He could not help noticing that London had discovered the
secret which made his intellectual life a torment. The
streets were more than a mere assemblage of houses,
London herself was more than a tangled skein of streets,
and overhead heaven was more than a meeting-place of
individual stars. What was this secret that made words
into a book, houses into cities, and restless and
measurable stars into an unchanging and immeasurable
universe?

Then from "The Biography of a Superman" I select this very striking
passage:--

Possessed of an intellect of great analytic and
destructive force, he was almost entirely lacking
in imagination, and he was therefore unable
to raise his work to a plane in which the mutually
combative elements of his nature might have been
reconciled. His light moments of envy, anger, and
vanity passed into the crucible to come forth
unchanged. He lacked the magic wand, and his work
never took wings above his conception.

Now compare the two places; "the streets were more than a mere
assemblage of houses;" . . . "his light moments . . . passed into the
crucible to come forth unchanged. He lacked the magic wand." I think
these two passages indicate the answer to the "why" that I am forced
to resolve; show something of the secret of the strange charm which
"The Ghost-Ship" possesses.

It delights because it is significant, because it is no mere
assemblage of words and facts and observations and incidents, it
delights because its matter has not passed through the crucible
unchanged. On the contrary, the jumble of experiences and impressions
which fell to the lot of the author as to us all had assuredly been
placed in the athanor of art, in that furnace of the sages which is
said to be governed with wisdom. Lead entered the burning of the
fire, gold came forth from it.

This analogy of the process of alchemy which Richard Middleton has
himself suggested is one of the finest and the fittest for our
purpose; but there are many others. The "magic wand" analogy comes to
much the same thing; there is the like notion of something ugly and
insignificant changed to something beautiful and significant.
Something ugly; shall we not say rather something formless transmuted
into form!
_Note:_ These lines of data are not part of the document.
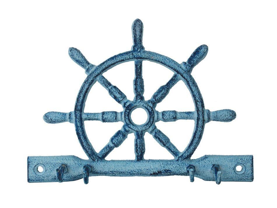 Nautical Rustic Dark Blue Whitewashed Cast Iron Ship Wh **|**|** Nautical Rustic Dark Blue Whitewashed Cast Iron Ship Wheel with Hooks 8"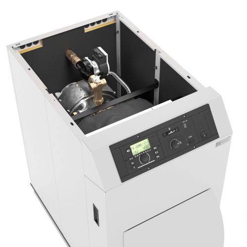 - Leises Betriebsgeräusch durch ein stabiles vollgekapseltes Kesselgehäuse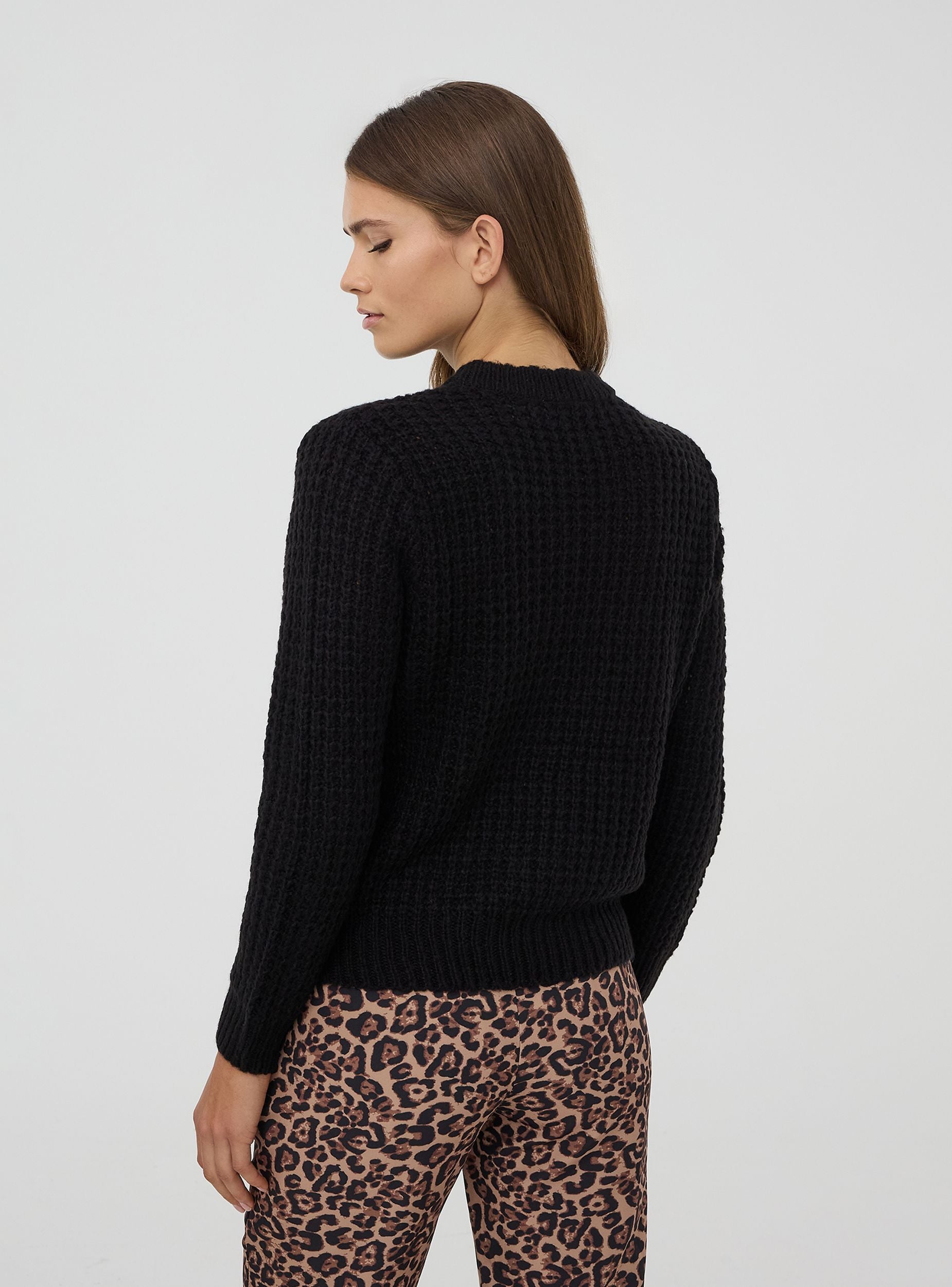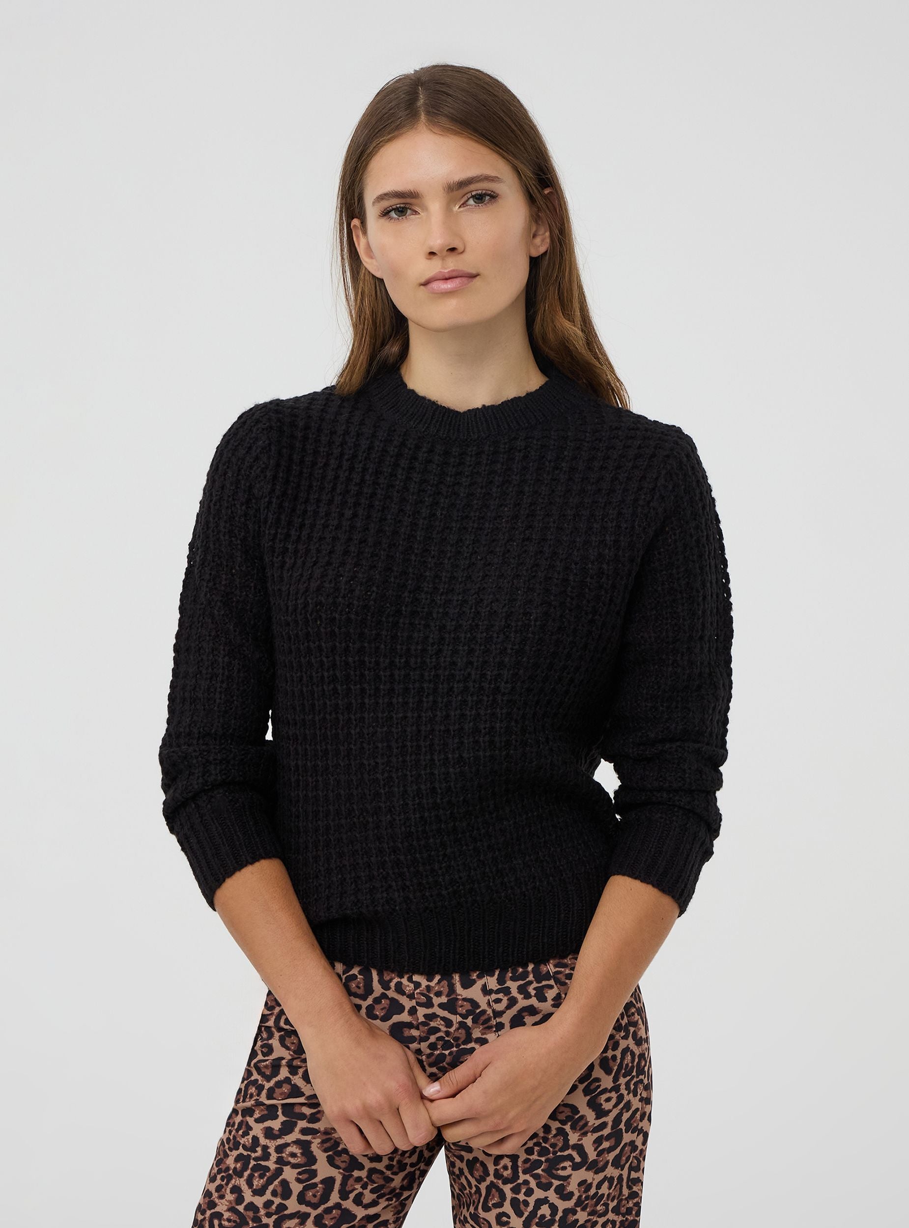 Dámský svetr s dlouhými rukávy vyrobený z měkké perforované tkaniny v jednobarevném provedení. Model s kulatým výstřihem a regular fit. Pletená struktura dodává elegantní a moderní vzhled, což činí tento svetr univerzálním kouskem ve vašem šatníku. Perfektní pro neformální příležitosti, tento svetr je ideální pro relaxační dny doma, neformální schůzky s přáteli nebo pro chic a pohodlný vzhled v kanceláři. Kombinujte ho s džíny nebo kalhotami pro každodenní outfit, který spojuje styl a praktičnost.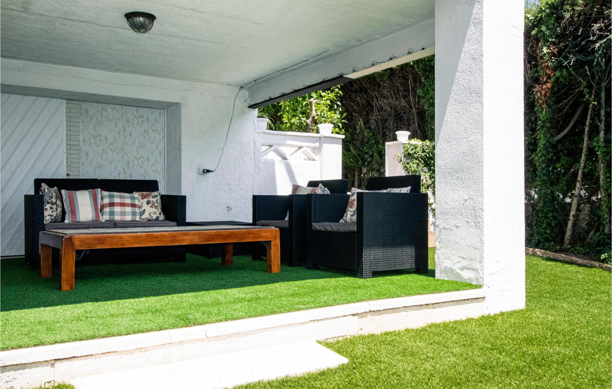 Slapp av på den overbygde terrassen og forfrisk deg i bassenget.

After all, the Latin Dictionary declares solemnly that
"beauty" is one of the meanings of "forma" And here we are away from
alchemy and the magic wand ideas, and pass to the thought of the
first place that I have quoted: "the streets were more than a mere
assemblage of houses," The puzzle is solved; the jig-saw--I think
they call it--has been successfully fitted together, There in a box
lay all the jagged, irregular pieces, each in itself crazy and
meaningless and irritating by its very lack of meaning: now we see
each part adapted to the other and the whole is one picture and one
purpose.

But the first thing necessary to this achievement is the recognition
of the fact that there is a puzzle. There are many people who go
through life persuaded that there isn't a puzzle at all; that it was
only the infancy and rude childhood of the world which dreamed a vain
dream of a picture to be made out of the jagged bits of wood, There
never has been a picture, these persons say, and there never will be
a picture, all we have to do is to take the bits out of the box, look
at them, and put them back again. Or, returning to Richard
Middleton's excellent example: there is no such thing as London,
there are only houses. No man has seen London at any time; the very
word (meaning "the fort on the lake") is nonsensical; no human eye
has ever beheld aught else but a number of houses; it is clear that
this "London" is as mythical and monstrous and irrational a concept
as many others of the same class. Well, people who talk like that are
doubtless sent into the world for some useful but mysterious process;
but they can't write real books. Richard Middleton knew that there
was a puzzle; in other words, that the universe is a great mystery;
and this consciousness of his is the source of the charm of "The
Ghost Ship."

I have compared this orthodox view of life and the
universe and the fine art that results from this view to the solving
of a puzzle; but the analogy is not an absolutely perfect one. For if
you buy a jig-saw in a box in the Haymarket, you take it home with
you and begin to put the pieces together, and sooner or later the
toil is over and the difficulties are overcome: the picture is clear
before you. Yes, the toil is over, but so is the fun; it is but poor
sport to do the trick all over again. And here is the vast
inferiority of the things they sell in the shops to the universe: our
great puzzle is never perfectly solved. We come across marvellous
hints, we join line to line and our hearts beat with the rapture of a
great surmise; we follow a certain track and know by sure signs and
signals that we are not mistaken, that we are on the right road; we
are furnished with certain charts which tell us "here there be
water-pools," "here is a waste place," "here a high hill riseth," and
we find as we journey that so it is. But, happily, by the very nature
of the case, we can never put the whole of the picture together, we
can never recover the perfect utterance of the Lost Word, we can
never say "here is the end of all the journey." Man is so made that
all his true delight arises from the contemplation of mystery, and
save by his own frantic and invincible folly, mystery is never taken
from him; it rises within his soul, a well of joy unending.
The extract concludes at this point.